“On life, universe and everything, I will say this,” remarked The Great Ababa to Bozo one day, “It’s all in your penis.”
The Great Ababa was the great sexual mystic who had lived for twelve thousand years under the water forking fish. This enterprise, aggressively funded by the WHO, had been undertaken to examine the role of inter-species sexual drive in the process of evolution. Many times, Darwinian fables say, it has been found that while genetic variation produces an improved survival soldier version of the species, it also results in “a most unnatural sexual fervour” towards species of the lower order. It was said of The Great Ababa that he had had a writhing vision one night: Red herrings commanding him to explore the abovementioned irregularity in natural inclinations towards fornication, upon which he had jumped out of bed and exclaimed, “Carp(e) diem!” just before going to the nearest river and swimming upstream for well, the fish. This was only necessary as his research method was indeed very empirical: “You cannot know it unless you have experienced it,” being his personal motto.
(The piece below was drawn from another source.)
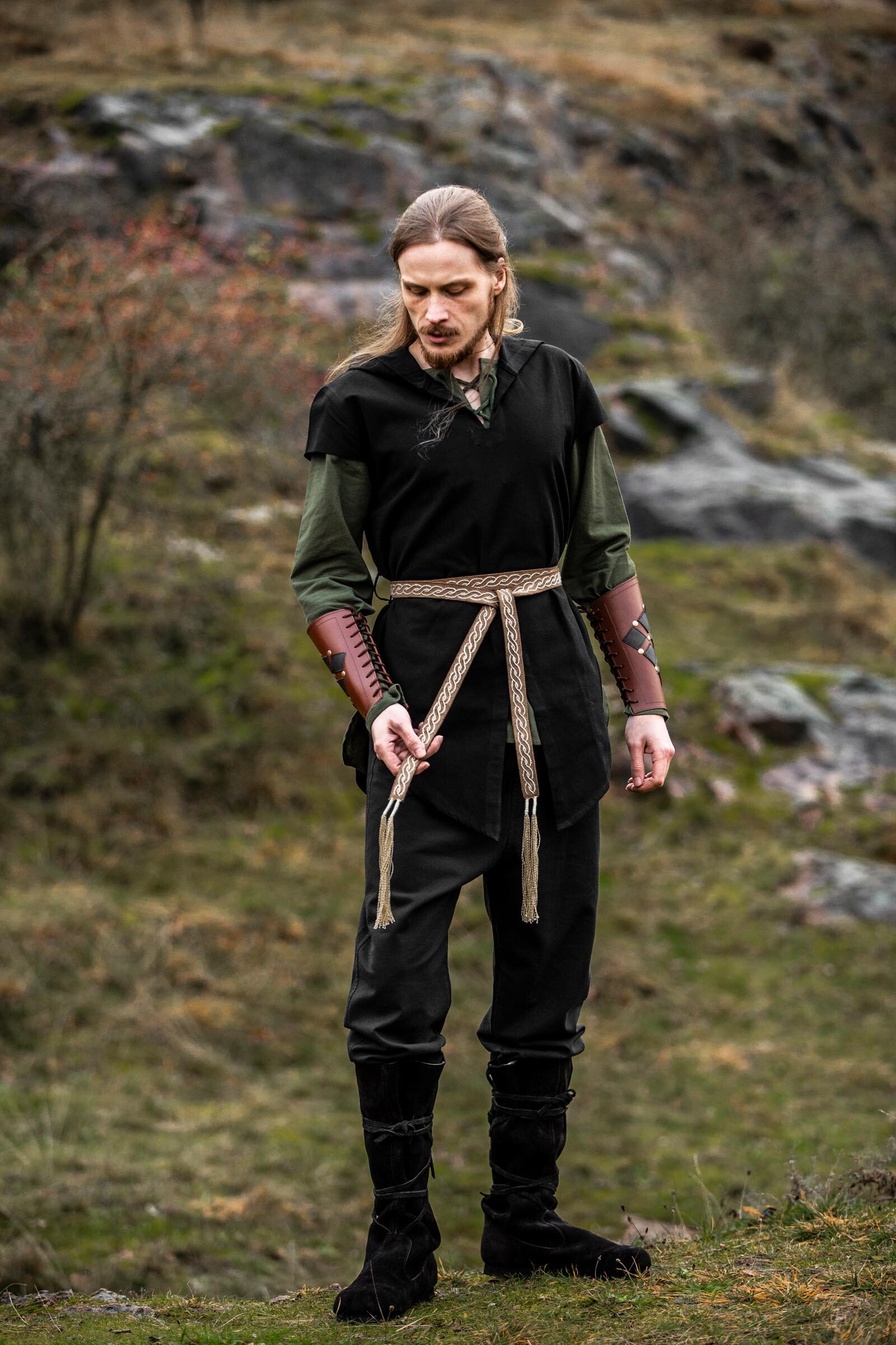 Cintura medieval larga in cuoio modello Jaret, colore marrone
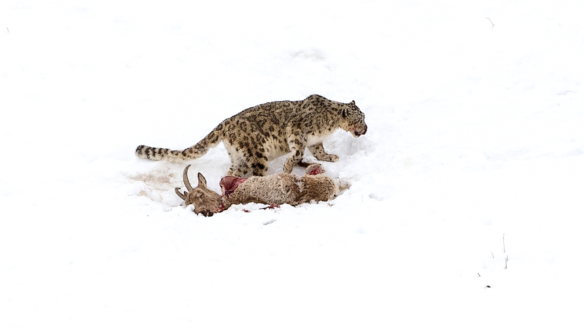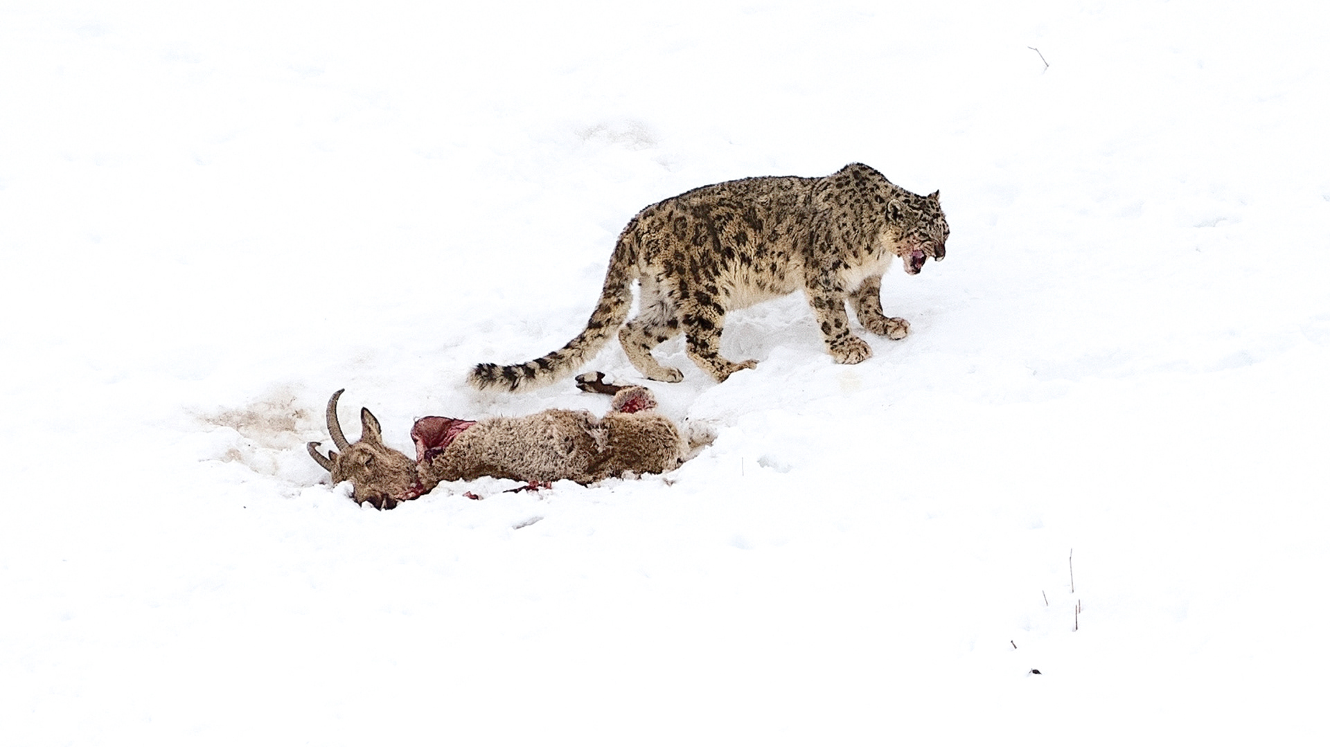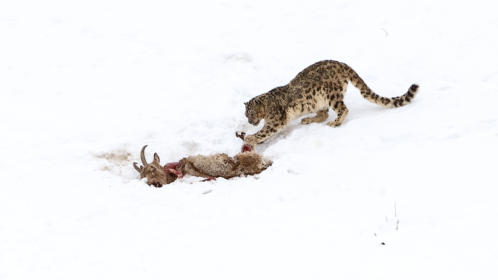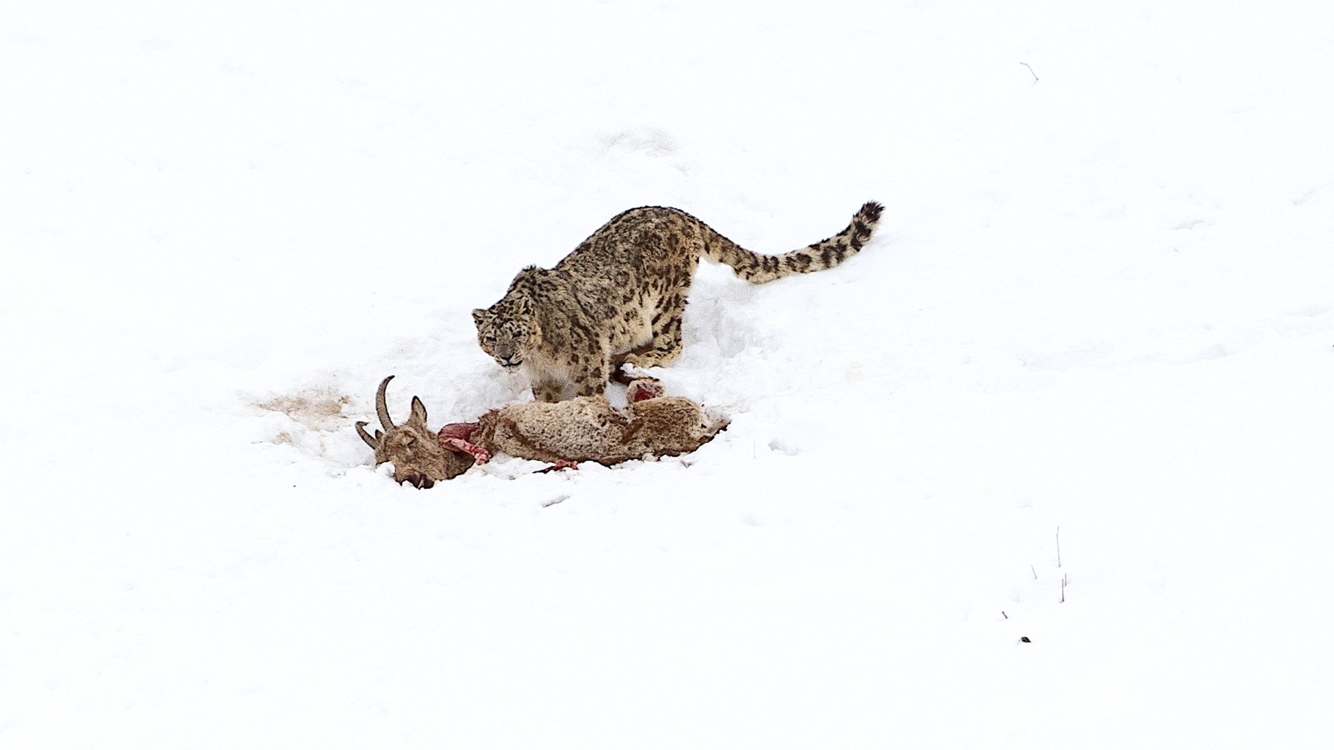 The Snow Leopard walked a short distance from his resting place to the carcass of an Ibex, a large wild goat, which he had killed two days earlier.

Coming back to The Great Ababa’s remark: “Oh! I thought it was all in my head!,” Bozo responded to it with some surprise.
“Oh Bozey! So they say, so they say.” The Great Ababa sighed. “Descartes has exploited us far too long with his heady philosophy, it’s now time for Fuckartes to take over!”
“Fuck a cart? Brilliant! Nothing is beyond you, O Great Ababa!” Bozo looked at The Great Ababa in wonderment.
“Fuckartes, my dear! Fuckartes!…the art of fucking! And the only true way of knowing life, universe and everything!”
Bozo eyes grew rounder and rounder. This was all too exciting. “I am now beginning to get what you mean by it is all in the penis,” he said.
“Yes Bozo. But don’t let that make your penis too important! Because who wants to know life, universe ane the other shit anyways?”
“Uh, don’t you?” Bozo asked with some uncertainty.
“My dear sexy clown, after forking seventy gazillion fish in a span of twelve thousand years, I think I have known enough shit. That’s why I decided to chop my penis and eat it for dinner yesterday.”
“Wow, isn’t that illegal?”
“Yeah yeah blah, but I was just a bit tired of the whole thing you know? I’ve had my time, fish everywhere are grateful, conservationists are happy and the Nessi monster wrote to me the other day to thank me for the kids. But you Bozo! You!” The Great Ababa emphasised, “YOU have your entire penis in front of you. Why not do something about it?”
Bozo then noticed that his entire penis was indeed in front of him. It was dancing about naked.
“But how to go about it huh? How to go about penising life, universe and everything, O Great Ababa?” Bozo posed the problem.
“Look it’s like this, sexy clown. Think of life and universe as a great big jigsaw puzzle to be put together. And you’re a part of the puzzle. But more emphatically, your penis is a BIG part of the puzzle which your life is.”
Bozo nodded vigorously taking it all in.
“To really know life, universe and everything therefore, Bozo, you must find where your penis fits in the great picture. Where does it stand, eh? And when will it? You must discover theee!”
And so Bozo set out to discover life, universe and everything in his penis.